Скопив к шестидесяти годам небольшой капиталец, Отто Лехтинен решил покинуть родную Финляндию и провести остаток жизни где-нибудь на юге Италии.
Самолет шел на посадку. Он плавно кренился то в одну, то в другую сторону, словно готовясь глотнуть из гигантской, пронзительно голубой чаши залива, на берегах которого вольными уступами раскинулся древний город.
"Никуда больше не полечу - здесь поселюсь, здесь так свежо и просторно! - твердо решил Отто, с трудом переставляя затекшие ноги. От запаха в салоне самолета накатывали приступы тошноты, а от низких скругленных потолков стискивала горло паника.
В городе жил первый или, нет, кажется, второй бывший муж матери Отто, все звавший погостить. Из аэропорта Лехтинен отправился сразу к нему.
- Умер, - коротко, на ломаном английском, сказала хозяйка дома, где тот много лет снимал комнату. - Уж с месяц. Хотите - живите. Недорого беру.
Комната очень понравилась Отто. Спальня и кухня разделялись красивой аркой. После тесноты самолета Отто с удовольствием глядел на высокие потолки, светло-кремовые стены, на большие окна с распахнутыми деревянными ставнями.
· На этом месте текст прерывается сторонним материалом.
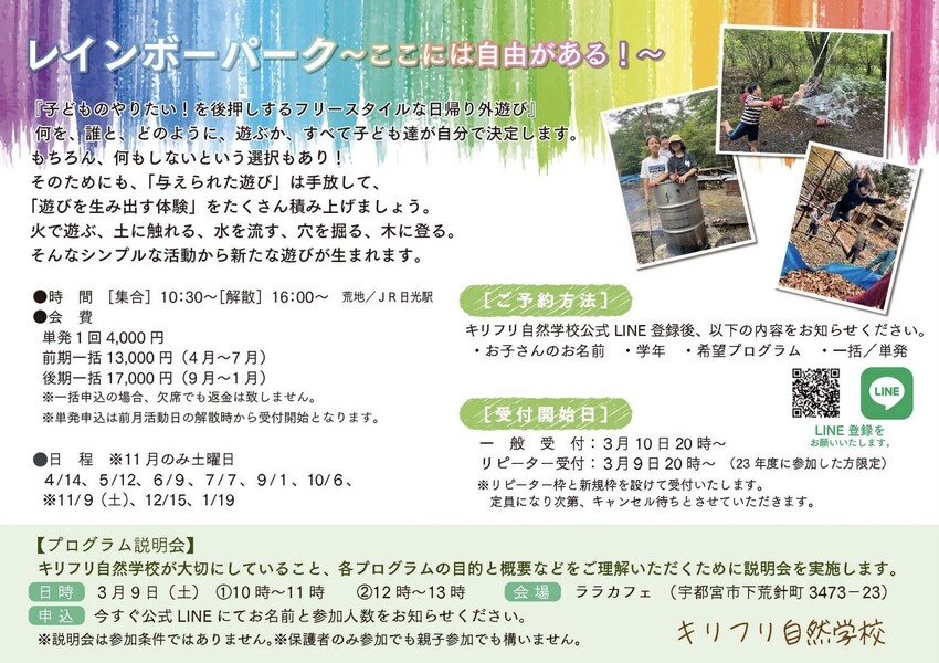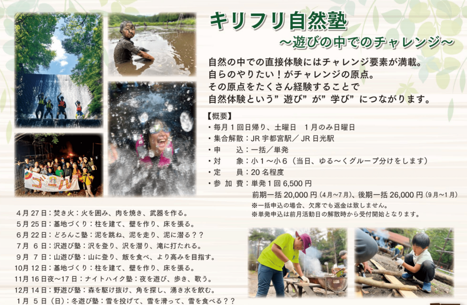この募集の受入団体「キリフリ自然学校」をフォローして、

На потолке висела хрустальная люстра, сделанная в форме виноградной грозди.
"Сей нежный грот, где с моря легкий ветерок частенько отдыхает" - промурлыкал он себе под нос песенку собственного сочинения, рассматривая потолочный бордюр в виде ракушек. Господин Лехтинен был впечатлителен и сентиментален.
Особенно ему понравилось отсутствие сундуков - этаких массивных уродов с обитыми железом углами, которые окружали его с детства. Однажды мать, не заметив, случайно заперла играющего в прятки сына в таком сундуке. Мальчик целый день просидел среди затхлых тряпок, расшитых стекляшками, бисером и колючей бахромой юбок и пыльных балетных пачек, задыхаясь и тщетно зовя на помощь. Он, маленький, очень боялся чумы, которую, по словам матери, привозили на берег крысы из дальних стран на больших кораблях, где всегда стоят такие вот сундуки, ржавые от морской воды... Слишком часто оставляя Отто нянькам, мать забывала, что у нее есть сын. Только на старости лет, намотавшись по свету с гастролями, мать осела в каком-то кабаре родного городка Уусикарлепюю, наставляя юных танцовщиц.
"Отчего, интересно, умер старик? - подумал Отто. - Надо бы хозяйку спросить. В газетах пишут, что вирус гриппа становится опасным, а еще вспышки на Солнце. Да и китайцы могут диверсию устроить, все бывает в этом мире. Хотя, может просто от старости".
У мраморного подоконника оказался отколот угол, под ним на мраморной же плитке пола обнаружилась трещина. Хозяйка обещала позвать мастера. Перейдя на родной язык, она принялась длинно и путано объяснять, что мастер завтра празднует свадьбу четвертой дочери, такой хорошенькой молодой особы... Отто, ничего толком не поняв, махнул рукой.
Одним словом, в такой комнате вполне можно прожить до конца жизни, решил Отто, ужиная булочкой и стаканом вина: для пищеварения хорошо и от простуды на всякий случай. Отто положил на стол газеты, который он прихватил из самолета - когда он тут освоится и заведет маленький садик около дома, в эти газеты можно будет заворачивать садовые инструменты. Распаковал чемодан - с собой он привез только самое необходимое, здесь все гораздо дешевле - и лег спать на свежие простыни. Пахло магнолиями. За окном трещали цикады, высоко над землей в пальмовых листьях возились летучие мыши.
* * *
На следующий день, после обеда, заперев дверь на новенький замок, Отто отправился знакомиться с городом.
Множество похожих друг на друга улочек бежали, как ручейки, мимо его дома куда-то вниз, должно быть, к гранитной набережной, докам, причалам и еще бог знает в какие местечки вдоль залива. Повсюду шла оживленная торговля - в магазинчиках, на лотках и прямо на камнях мостовой.
Отто шел не спеша, оглядывался с умилением, улыбаясь всем подряд. Как же здесь славно!
Скоро он вышел на набережную. Пахнуло свежестью.
До самого горизонта искрилось теплое море, в вышине кричали чайки, падали к самой воде и снова взмывали в небо. Паруса лодочек были похожи на белые барашки.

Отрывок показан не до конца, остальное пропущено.